**Supplied information**
Segment Open

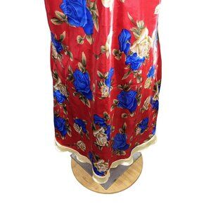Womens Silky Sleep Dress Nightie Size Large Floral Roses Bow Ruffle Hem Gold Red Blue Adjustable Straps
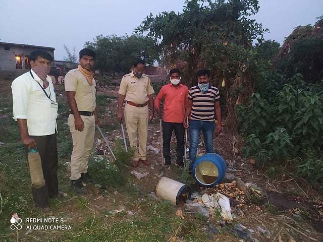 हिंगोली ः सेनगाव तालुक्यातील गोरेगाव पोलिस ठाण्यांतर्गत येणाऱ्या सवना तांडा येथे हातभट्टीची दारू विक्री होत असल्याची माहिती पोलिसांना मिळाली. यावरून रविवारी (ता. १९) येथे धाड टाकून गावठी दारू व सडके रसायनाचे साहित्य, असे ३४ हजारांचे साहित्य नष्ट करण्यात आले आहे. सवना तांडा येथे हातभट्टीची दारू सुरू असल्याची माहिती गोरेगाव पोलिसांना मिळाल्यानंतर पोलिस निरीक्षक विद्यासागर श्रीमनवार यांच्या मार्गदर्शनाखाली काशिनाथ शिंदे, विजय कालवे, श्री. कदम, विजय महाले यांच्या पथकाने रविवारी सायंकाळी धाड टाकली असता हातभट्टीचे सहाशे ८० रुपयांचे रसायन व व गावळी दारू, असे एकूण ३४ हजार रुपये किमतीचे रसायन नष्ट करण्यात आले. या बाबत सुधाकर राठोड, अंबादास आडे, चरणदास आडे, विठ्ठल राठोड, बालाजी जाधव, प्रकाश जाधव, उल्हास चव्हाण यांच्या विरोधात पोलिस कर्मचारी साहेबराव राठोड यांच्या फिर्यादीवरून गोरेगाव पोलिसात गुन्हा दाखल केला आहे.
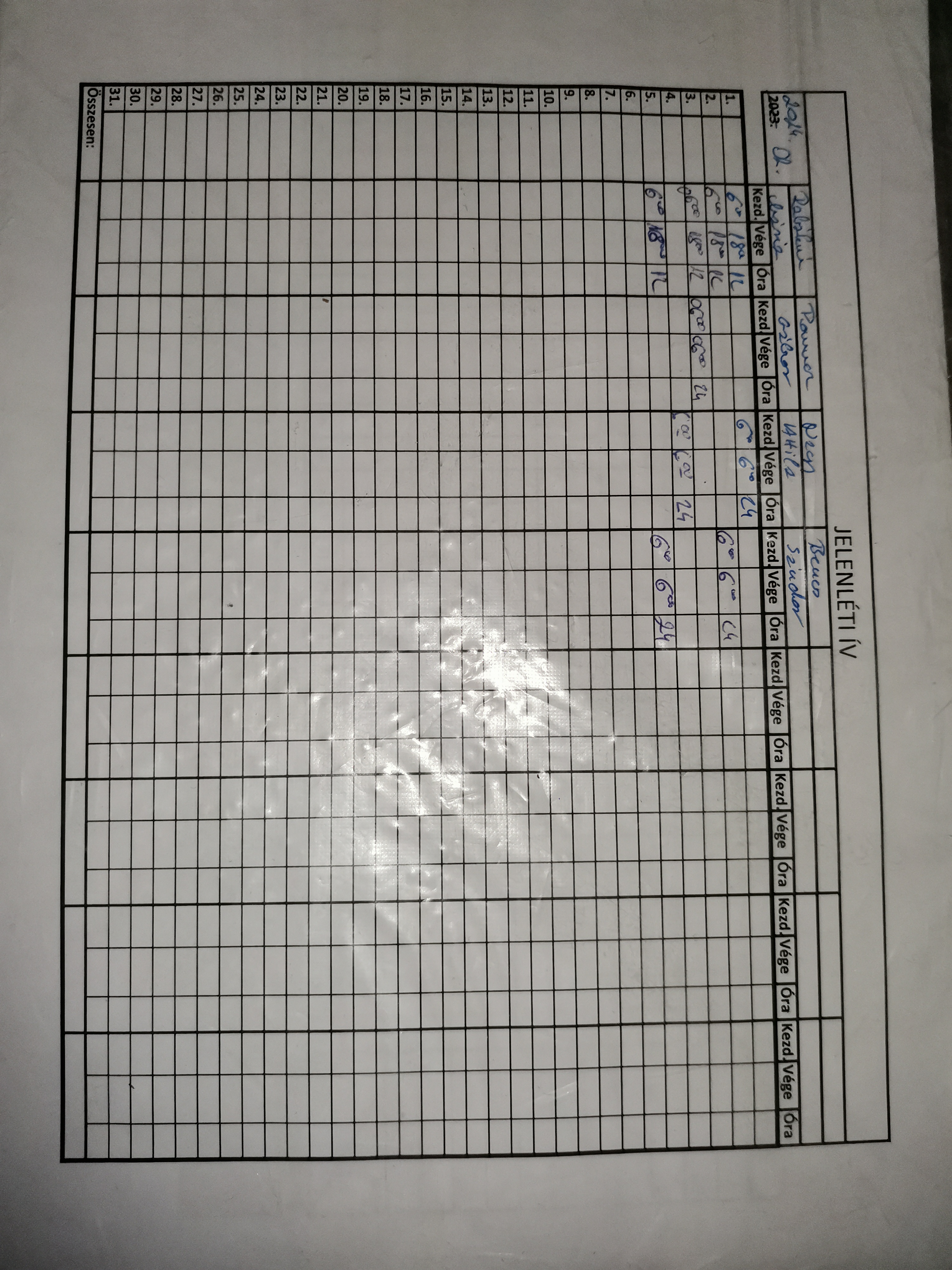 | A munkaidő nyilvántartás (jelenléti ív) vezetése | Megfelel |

Segment Closed

Produce a word-for-word version of the material, with no pictures included.

Womens Silky Sleep Dress Nightie Size Large Floral Roses Bow Ruffle Hem Gold Red Blue Adjustable Straps
 हिंगोली ः सेनगाव तालुक्यातील गोरेगाव पोलिस ठाण्यांतर्गत येणाऱ्या सवना तांडा येथे हातभट्टीची दारू विक्री होत असल्याची माहिती पोलिसांना मिळाली. यावरून रविवारी (ता. १९) येथे धाड टाकून गावठी दारू व सडके रसायनाचे साहित्य, असे ३४ हजारांचे साहित्य नष्ट करण्यात आले आहे. सवना तांडा येथे हातभट्टीची दारू सुरू असल्याची माहिती गोरेगाव पोलिसांना मिळाल्यानंतर पोलिस निरीक्षक विद्यासागर श्रीमनवार यांच्या मार्गदर्शनाखाली काशिनाथ शिंदे, विजय कालवे, श्री. कदम, विजय महाले यांच्या पथकाने रविवारी सायंकाळी धाड टाकली असता हातभट्टीचे सहाशे ८० रुपयांचे रसायन व व गावळी दारू, असे एकूण ३४ हजार रुपये किमतीचे रसायन नष्ट करण्यात आले. या बाबत सुधाकर राठोड, अंबादास आडे, चरणदास आडे, विठ्ठल राठोड, बालाजी जाधव, प्रकाश जाधव, उल्हास चव्हाण यांच्या विरोधात पोलिस कर्मचारी साहेबराव राठोड यांच्या फिर्यादीवरून गोरेगाव पोलिसात गुन्हा दाखल केला आहे.
 | A munkaidő nyilvántartás (jelenléti ív) vezetése | Megfelel |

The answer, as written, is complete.